In those days people did not drink at home, or certainly not people from my background, and even though my family had lived mainly above pubs, excessive drunkenness in public was rare, so we children watched from the bedroom windows that night, fascinated to see our parents getting a bit tipsy and dancing in the street. I remember seeing my mum and dad doing a rather sedate waltz to the thin music coming from the wind-up gramophone balanced on the garden wall. I had never seen them in one another’s arms before. I would imagine the grown-ups were feeling hugely relieved, but exhausted. We heard on the radio that crowds were going mad in the West End, which sounded fun, and of course we listened to the King’s speech.
10 May 2020
My mother’s birthday. Lots of people seem to have enjoyed today, dressing up and putting out flags. I think everyone is desperate for a party and to see, albeit at two metres’ distance, another human being. Children, for whom the Second World War is something they learned in a history lesson, must have wondered why we are making such a fuss about this particular event, but they enjoyed the cakes. They are going through such an unnatural experience. No school, no sport, no playing with friends. I worry about the long-term effect of this unnatural episode in their childhood, but I suppose we had five years of massive disruption before the original VE Day, yet we survived. But damaged, I think. Judging by my grandchildren, the biggest harm will be to their eyes, which are glued to iPads and computers for virtual lessons and games. God knows what is happening to the children who cannot afford these technical supports.
The Queen did a broadcast at the same time as her much-beloved father had done seventy-five years earlier, urging us to be strong. It was lovely to see her in her sitting room being her usual unperturbed self.
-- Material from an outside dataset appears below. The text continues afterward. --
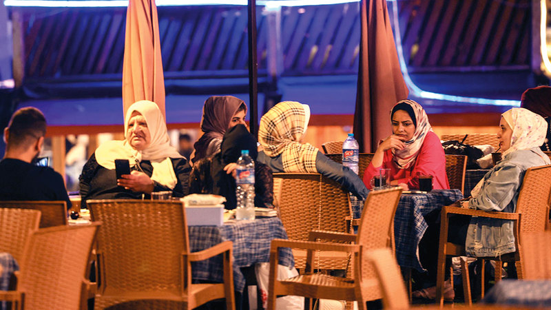 وفي مقهى آخر شمال غرب مدينة غزة، تقول (أم سعيد ساق) بينما تجلس مع صديقتها واثنتين من أخواتها: «نحاول التغلب على الضغوط بالخروج وتبادل الهموم. البلد ميتة، الناس يضحكون، لكن الجميع مدمّر نفسياً من الداخل».

In her speech she quoted from a song by Vera Lynn that was very popular during the war. She finished by saying, ‘We’ll meet again.’ I remembered another song that Vera Lynn sang, supposedly to cheer up us evacuees. It made us all so miserable that it was banned, but the lyric is etched on my brain:
Goodnight, children everywhere
Your mummy thinks of you tonight
Lay your head upon your pillow
Don’t be a kid or a weeping willow
So now this eighty-seven-year-old vulnerable old bird must try not to be a weeping willow.
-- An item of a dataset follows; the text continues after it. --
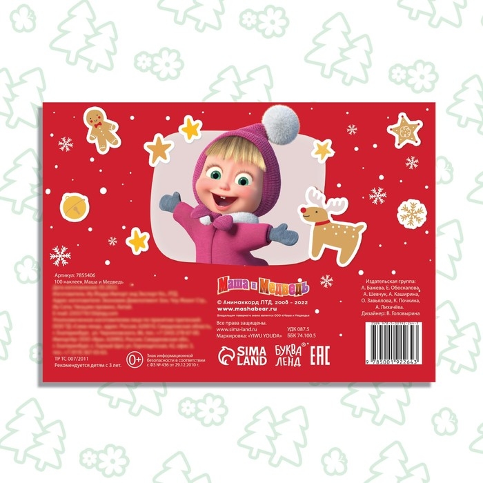 - В альбоме представлено 100 тематических наклеек с красочными изображениями Маши, Медведя и других героев полюбившегося мультфильма.

I can hear my mother (‘For heaven’s sake, Sheila, pull yourself together’), who brought up two girls when polio, smallpox, scarlet fever, diphtheria, TB, German measles, whooping cough and the like were constant threats, and did a lot of pulling-together of herself and her family. I must do the same for mine, in this unfolding worldwide tragedy.
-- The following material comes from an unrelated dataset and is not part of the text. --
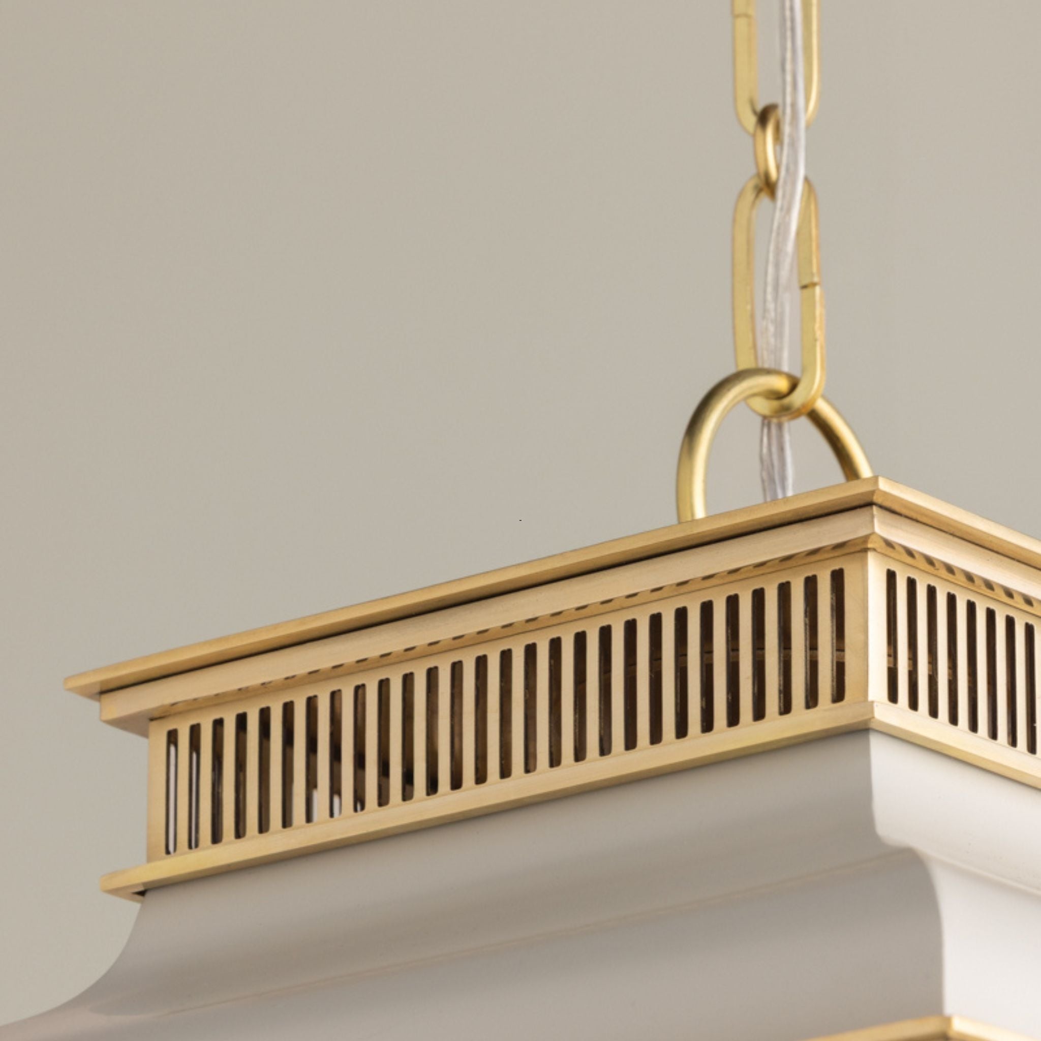 Blending traditional lines with fresh, mixed finishes, the Houghton lantern family exudes timeless elegance. Notable details include Mark D. Sikes’ signature ball accent at the center of the candelabra and perforations on the shades. Complemented by warm Aged Brass accents, the classic silhouette ensures Houghton fits into any interior space with ease.

With the increased threat of death to someone of my age, and taking dodgy immunosuppressant drugs, and being stuck at home with no work, no outings, no direct human contact, there never has been a more impossible time to ‘look my last on all things lovely’, as Walter de la Mare urged. In my personal morass of gloom, I am sick to death of people telling me how much they are enjoying being furloughed in their lovely homes and gardens in this extraordinary sunny spring. I, in contrast, am obsessed with, and riddled with guilt about, the many more people who are suffering terribly from the repercussions of this ghastly plague.
Enough is enough. Moping about is not helping anyone, not least myself. So, I must pay my ‘utmost blessing’ to things that bring me, if not ‘delight’, then comfort.
12 May 2020
I live under the flight path to Heathrow, and near a main road to the airport or, in the opposite direction, into central London. The roads are now completely empty, and the airport is closed. No planes, no cars – an uncanny peace. Nature is being kind to us with perfect sunshine in which to bask on the one outing a day that we are allowed to take, as long as we keep moving – no sitting on the grass, no cafés or pubs open in which to pass the time with friends. As a ‘highly vulnerable’ person I’m not even allowed to do that. I am supposed to be ‘sheltered’ for three months, not leaving my house at all, but I sometimes sneak out at about 5.30 a.m., before anyone else is about, and never has the air felt so fresh, the sky so clear, the sun so gentle, the honeysuckle so fragrant, the birds so happy to be heard, as in the eerily quiet atmosphere. I stand outside the home of William Morris, just along from my house, and wonder what he would make of a world that finds this calm so remarkable. This must be more or less what it was like when he lived here. Except his home would have been a hive of activity, designing Arts-and-Craftsy things, in his quest that you ‘have nothing in your houses that you do not know to be useful or believe to be beautiful’, and holding socialist meetings with Rossetti and Burne-Jones, Ruskin and the like. If only we could incorporate their idealistic philosophy in our rebuilding of society after this disaster. The William Morris Society still has meetings in his old home. Perhaps the revolution could be planned here? I cannot stop and think about it for long, though, because of some newcomers to the river path.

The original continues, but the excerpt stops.